BRIEF - In the entries below, find the line with "智能建造学院2022-2023学年第二学期第13周活动安排表" and the line with "Artist: Beatamines Name: In", then retype both and everything between them exactly. Do not copy the pictures.

MATERIAL TO PROCESS -
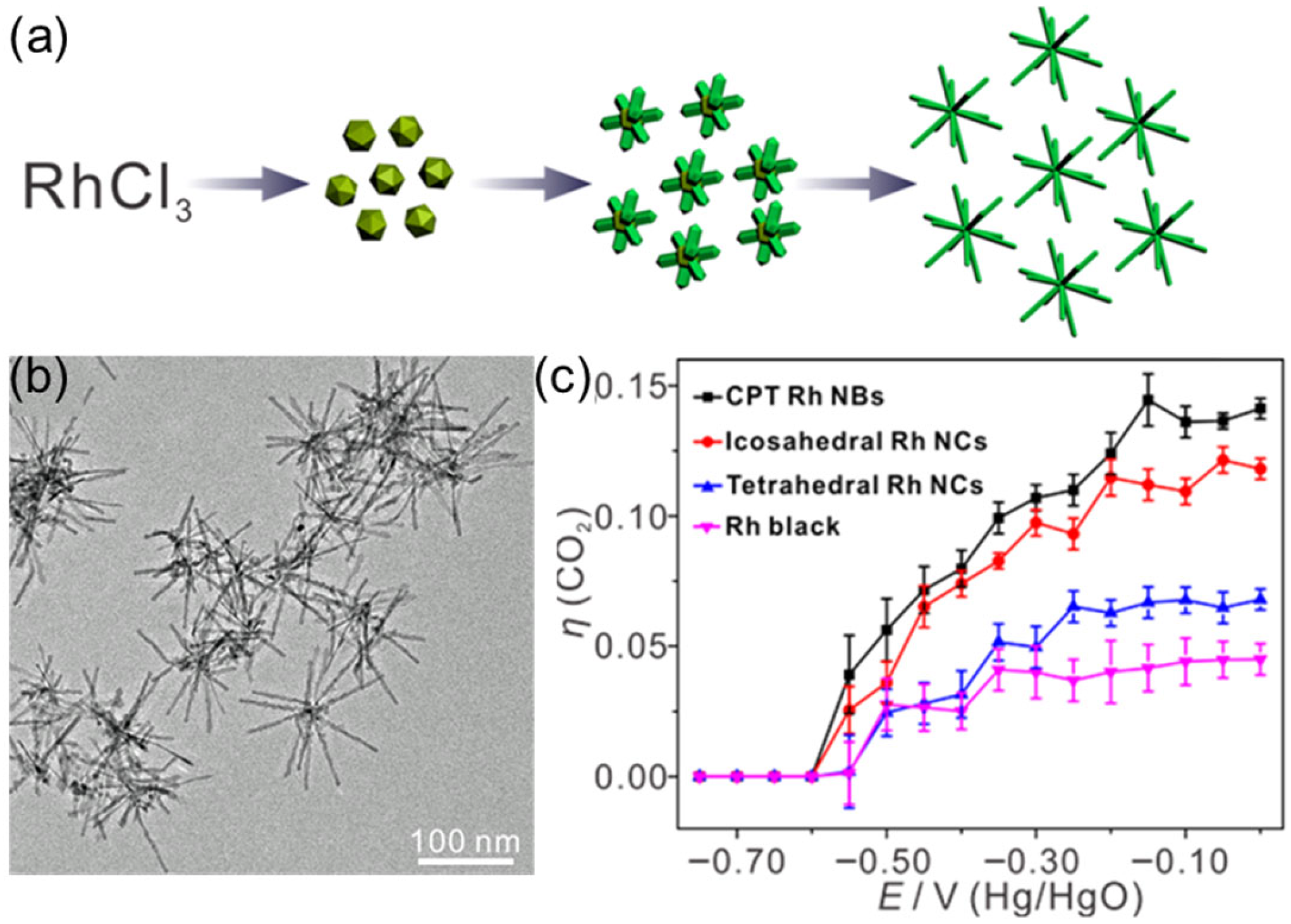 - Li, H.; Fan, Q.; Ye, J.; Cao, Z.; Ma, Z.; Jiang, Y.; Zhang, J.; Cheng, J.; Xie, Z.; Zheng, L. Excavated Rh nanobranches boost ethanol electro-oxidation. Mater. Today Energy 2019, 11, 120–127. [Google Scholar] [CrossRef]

---

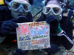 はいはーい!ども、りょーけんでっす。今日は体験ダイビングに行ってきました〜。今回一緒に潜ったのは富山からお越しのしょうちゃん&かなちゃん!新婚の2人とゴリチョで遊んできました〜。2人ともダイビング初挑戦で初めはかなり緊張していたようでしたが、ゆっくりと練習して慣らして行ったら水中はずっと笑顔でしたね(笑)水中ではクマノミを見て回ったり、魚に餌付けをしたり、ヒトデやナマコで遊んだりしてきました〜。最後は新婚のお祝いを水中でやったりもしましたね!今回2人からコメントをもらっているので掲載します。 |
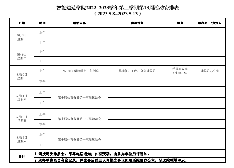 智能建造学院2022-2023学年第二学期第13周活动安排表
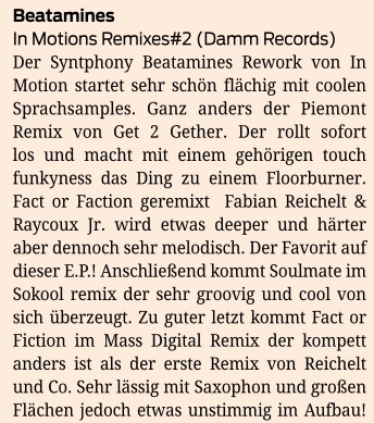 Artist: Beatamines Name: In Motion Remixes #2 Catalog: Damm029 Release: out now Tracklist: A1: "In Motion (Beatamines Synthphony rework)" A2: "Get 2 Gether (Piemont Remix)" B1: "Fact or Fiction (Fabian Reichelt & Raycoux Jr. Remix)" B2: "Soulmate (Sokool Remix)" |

--

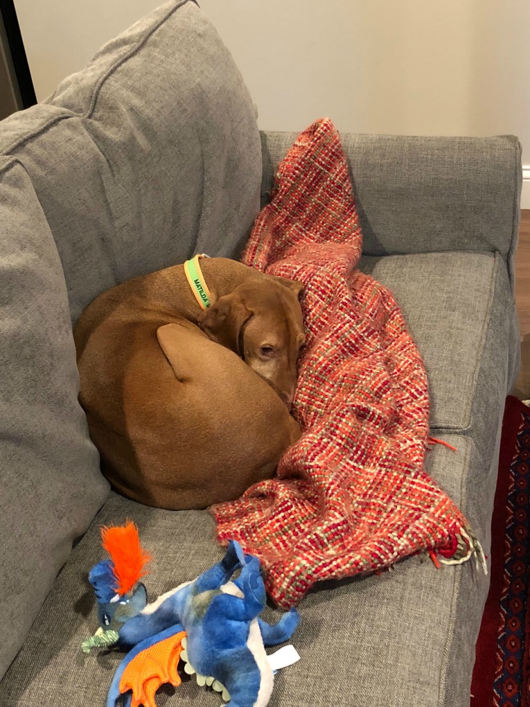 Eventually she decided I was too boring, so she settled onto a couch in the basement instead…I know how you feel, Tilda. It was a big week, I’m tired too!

TASK RESULT -
 智能建造学院2022-2023学年第二学期第13周活动安排表
 Artist: Beatamines Name: In Motion Remixes #2 Catalog: Damm029 Release: out now Tracklist: A1: "In Motion (Beatamines Synthphony rework)" A2: "Get 2 Gether (Piemont Remix)" B1: "Fact or Fiction (Fabian Reichelt & Raycoux Jr. Remix)" B2: "Soulmate (Sokool Remix)" |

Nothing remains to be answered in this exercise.